There is over 90 per cent of this people who are vassals, peons, or slaves in neatly all but name. It is inhuman, it is an act of bad faith to turn these people over the tender mercies of the dominant class here – to the same masters that have worked and controlled them, with the assistance of the Spanish Army, for ages past.
It is true that we have driven the Spaniards out. It is true that we have substituted the United States troops and the Stars and Stripes for the Spanish troops and Spanish flag. That is all. These people, as all people, of right ought to be free and independent. But children and vast hordes of people cannot be free and independent because they have not sufficient knowledge to govern themselves.

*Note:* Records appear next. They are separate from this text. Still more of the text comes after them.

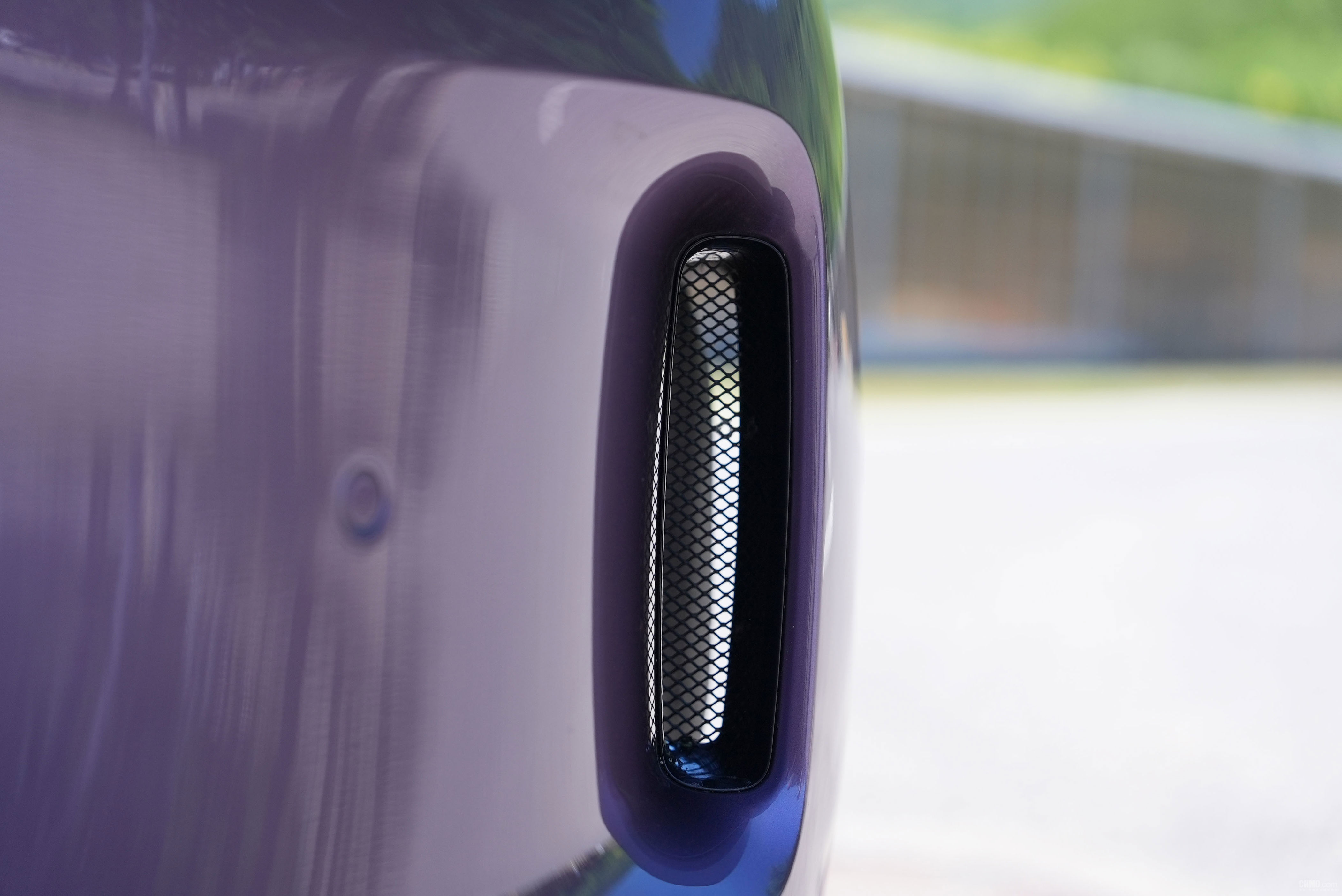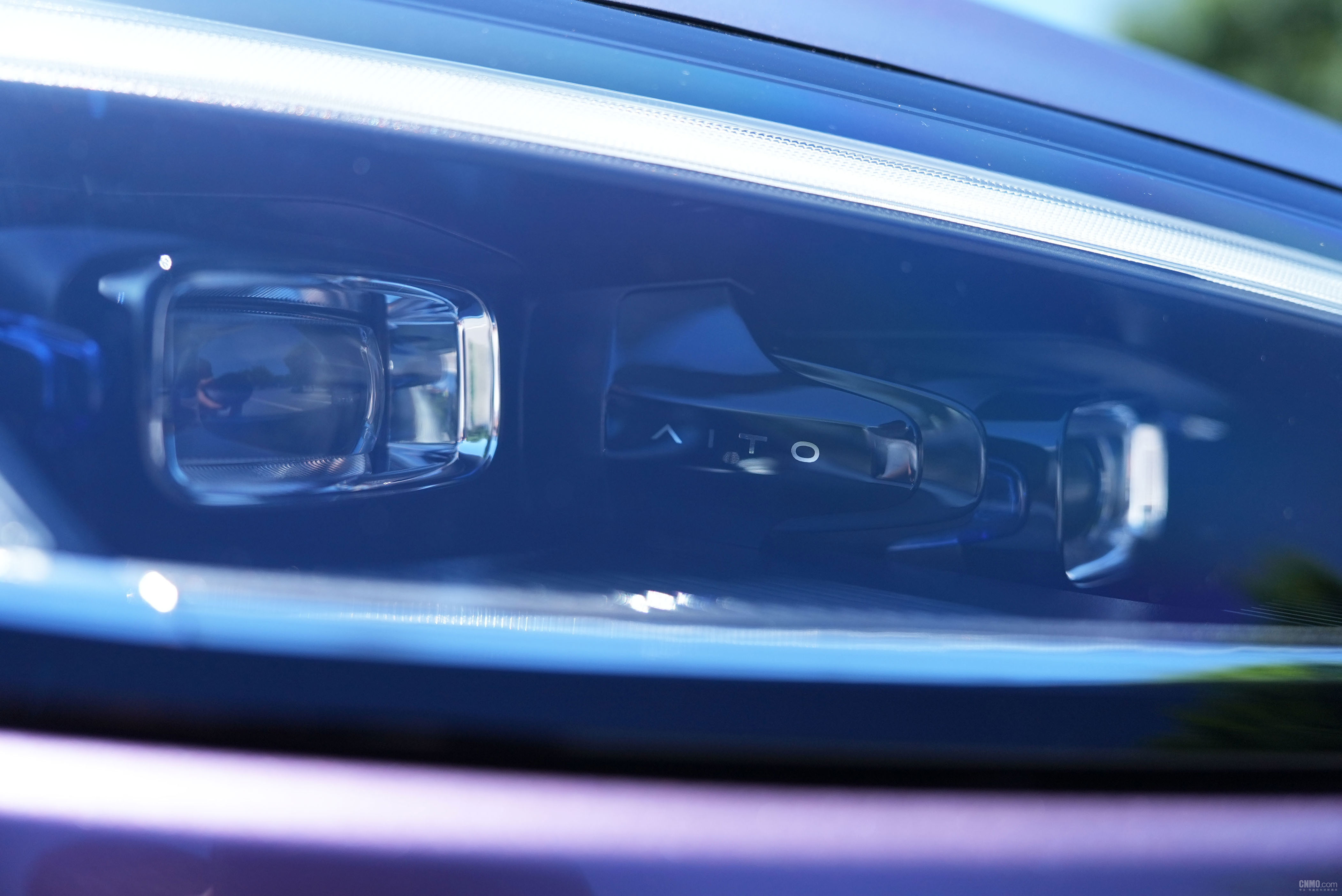 同时,问界新M5 Ultra的很多细节也是值得细细品味的,比如侧面的进气口,紫色搭配网格,还挺有设计感。再比如大灯内部,AITO的标识在内部还是很有点睛之笔的味道,即使是白天去欣赏,也能够感受到工艺之美。
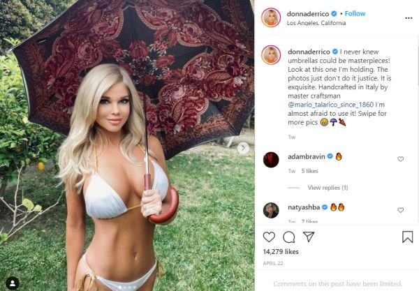 Nedávno bývalá hvězda Pobřežní hlídky sdílela na sociální síti odvážné fotky v bílých sexy bikinách. Její fanoušci jsou zcela fascinováni tím, že v 53 letech vypadá jako čerstvá dvacítka. Objevily se však i kritické hlasy, které jí vyčítají, že používá příliš mnoho filtrů a retuší. S hatery si modelka jednoduše poradila, omezila možnost komentování příspěvků. Její Instagram je plný vyzývavých fotek, dle slov modelky si však musí dodat odvahu, aby tyto typy fotek zveřejnila. Říká, že ač na fotkách může působit sebejistě, ve skutečnosti tomu tak není a je velmi rozpačitá ohledně toho, jak na fotkách vypadá. Alespoň to píše pod jedním ze svých příspěvků, kde odvážně pózuje v mokrém bílém tričku. Donna D'Errico také přiznává, že její krása není zcela přírodní. Například v roce 2017 si v jeden den nechala odsát tuk z paží a břicha, který nechala lékaře přesunout na vhodnější místo – do oblasti boků. Po těchto zákrocích si je údajně sama sebou zase o trochu jistější, když pózuje v sexy bikinách.
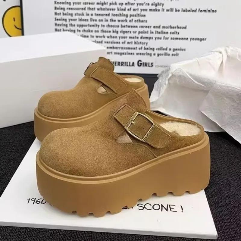 Модные женские хлопковые тапочки Новые зимние тапочки с закрытым носком Модные замшевые тапочки с круглым носком и толстой подошвой на пряжке Женская обувь 40 хаки
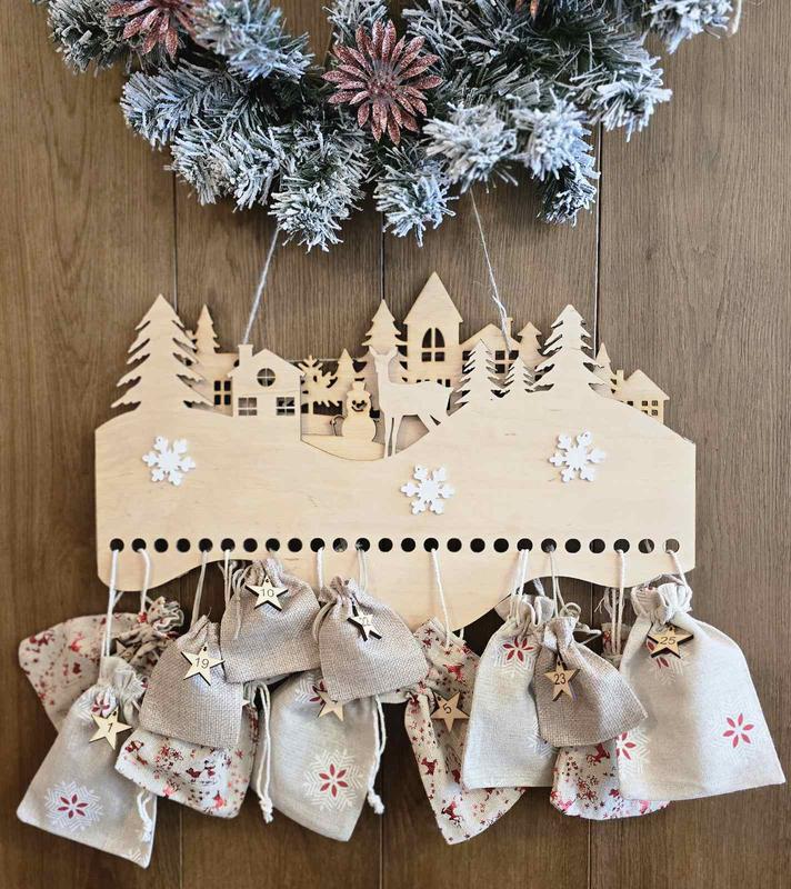 Пропонуємо вам унікальний дерев′яний адвент-календар, який стане справжньою окрасою Вашого дому в очікувунні Різдва. До комплекту входить: Деревяна 3-D основа 40х25см., мішечки лляні (7х9см-10шт. 10х14см-15шт) Можливе гравіювання - ім′я чи побажання.

Let us educate these people, and teach them what government of the people means. They do not know, and never will unless the people of the United States teach them. It is inhuman, and an act of bad faith, to assist the dominant 5 per cent to keep them in subjection and ignorance. It might be supposed that the educated, governing class would desire to educate the mass of the people, but it is not so. In talking with an educated Puerto Rican – an M. D. who was graduated at one of our medical colleges – I suggested a perfect system of free schools. He assured me that would never do. It would do to have higher education for the centres of wealth, of course, but education of the masses would destroy labor.
This M.D. expressed surprise that I, an Army officer, should favor universal education and believe in a republican form of government. Turn this island over to the dominant class, and it will be Spanish in all but name a hundred years from now.
Make a District of Puerto Rico. Appoint a commission of citizen of the United States to govern it. Introduce a few hundred school teaches. Organize a systems of free schools teaching nothing but English, and in a few years a portion of these people can be safely admitted into Government.
In less than twenty-five years it will be a colony of American citizens, who will be able to organize a Government in republican lines. It is the only way we can govern these people with any hope of success. The educated class have no use for us or for our ideas of government. Their education is on entirely different lines. They desired to get rid of Spanish taxation, and we relieved them of that.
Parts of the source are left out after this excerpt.